§ **What you have to do**: When copying the data below, keep only the lines from the one with "오늘(4일) 밤 11시" through the one with "Designed for comfort", word for word, and skip the pictures.
** Opening Data for analysis block **
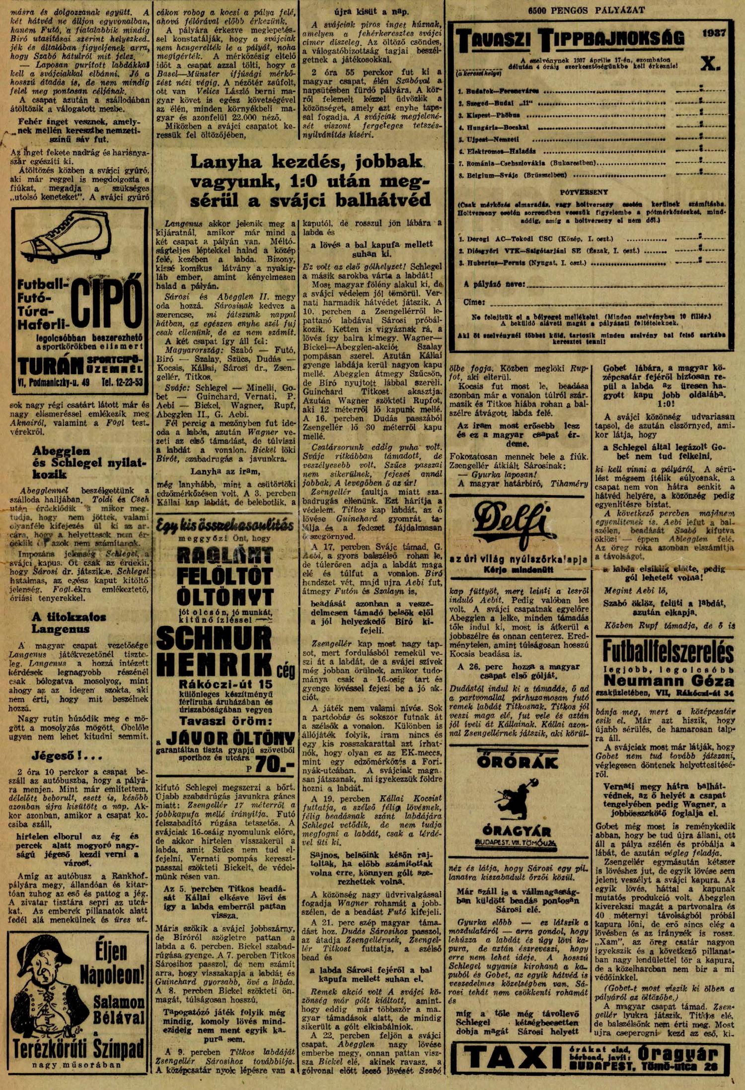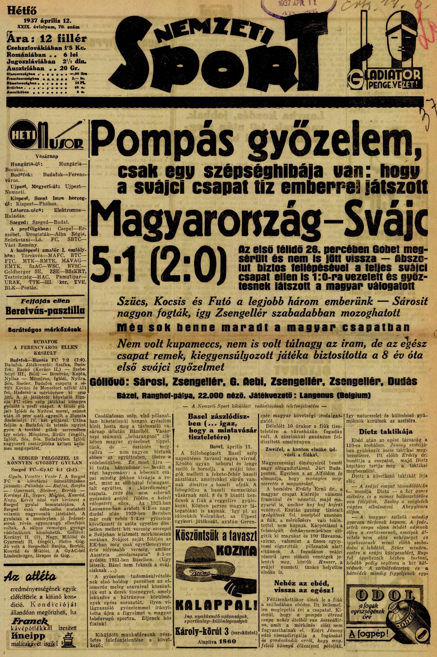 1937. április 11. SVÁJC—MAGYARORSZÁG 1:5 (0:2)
** Closing Data for analysis block **
** Opening Data for analysis block **
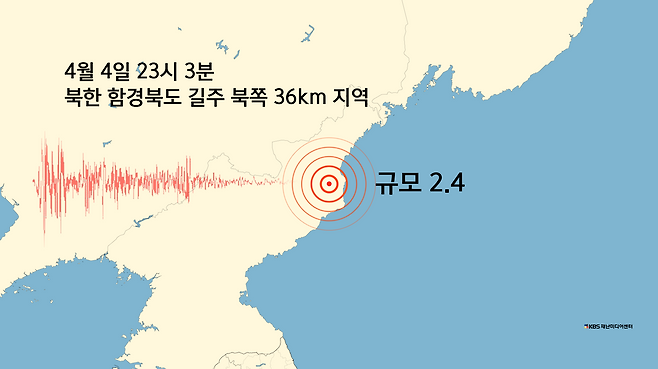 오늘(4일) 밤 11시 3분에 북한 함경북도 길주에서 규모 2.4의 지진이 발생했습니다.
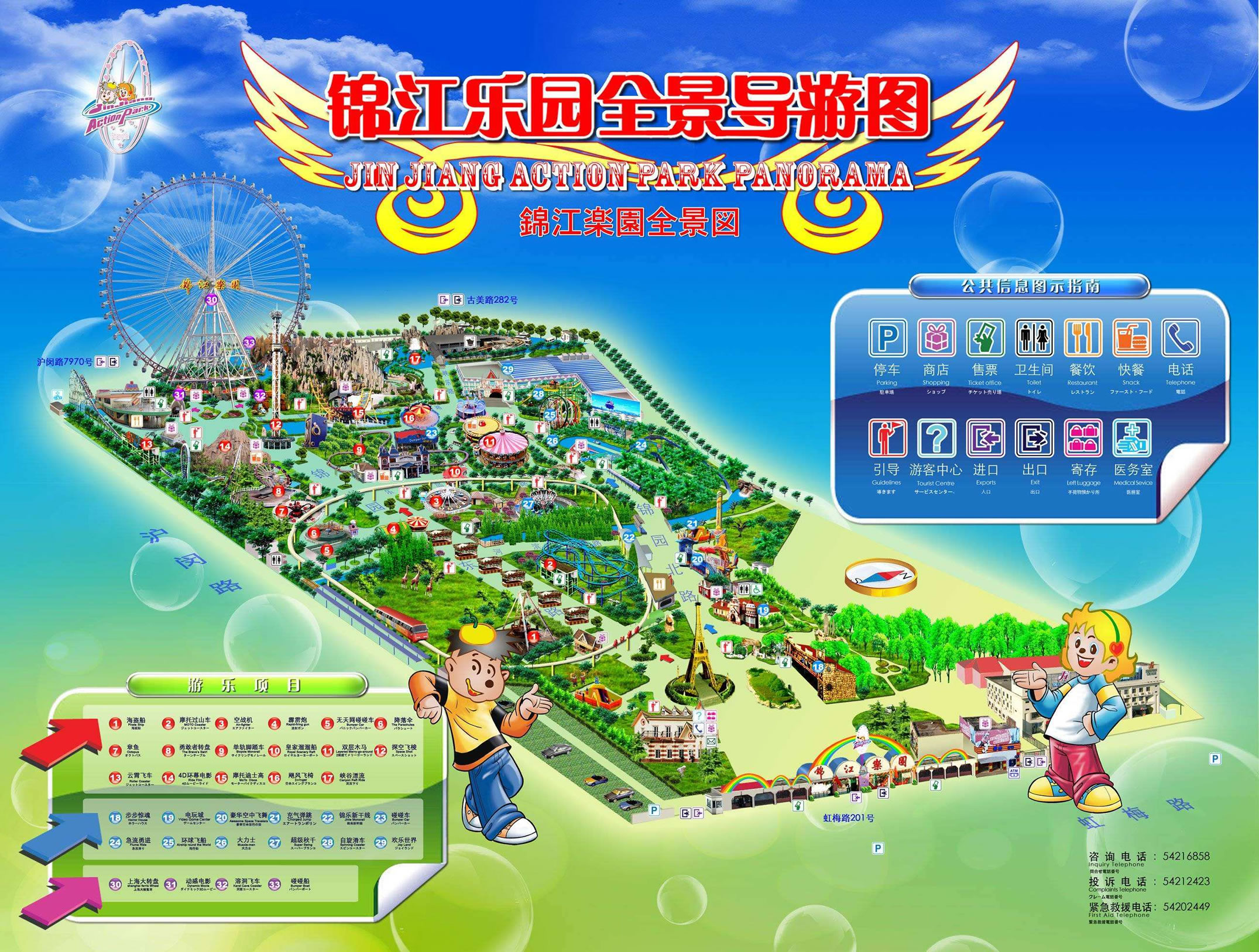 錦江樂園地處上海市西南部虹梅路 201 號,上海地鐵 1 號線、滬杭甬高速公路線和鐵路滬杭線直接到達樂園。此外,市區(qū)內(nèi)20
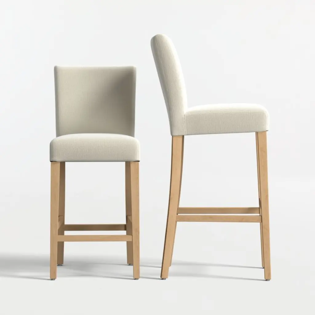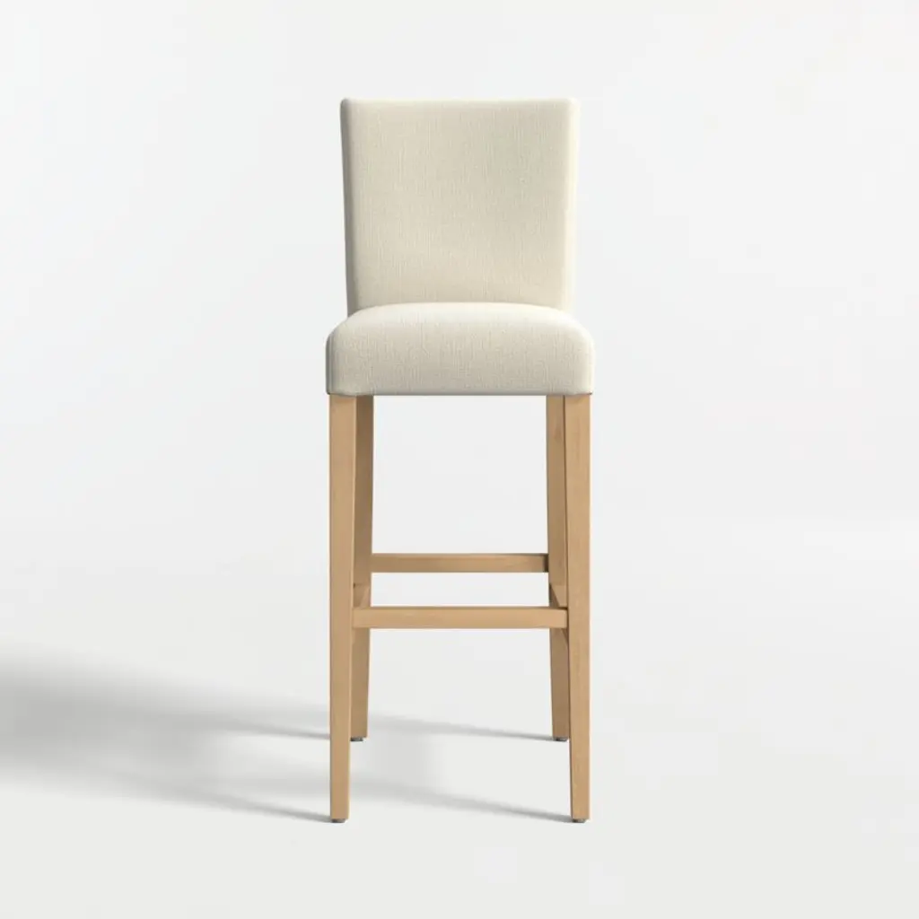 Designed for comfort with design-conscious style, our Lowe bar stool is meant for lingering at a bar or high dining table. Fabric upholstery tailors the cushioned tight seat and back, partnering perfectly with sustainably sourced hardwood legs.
** Closing Data for analysis block **
§ **Exercise output**:
 오늘(4일) 밤 11시 3분에 북한 함경북도 길주에서 규모 2.4의 지진이 발생했습니다.
 錦江樂園地處上海市西南部虹梅路 201 號,上海地鐵 1 號線、滬杭甬高速公路線和鐵路滬杭線直接到達樂園。此外,市區(qū)內(nèi)20
 Designed for comfort with design-conscious style, our Lowe bar stool is meant for lingering at a bar or high dining table. Fabric upholstery tailors the cushioned tight seat and back, partnering perfectly with sustainably sourced hardwood legs.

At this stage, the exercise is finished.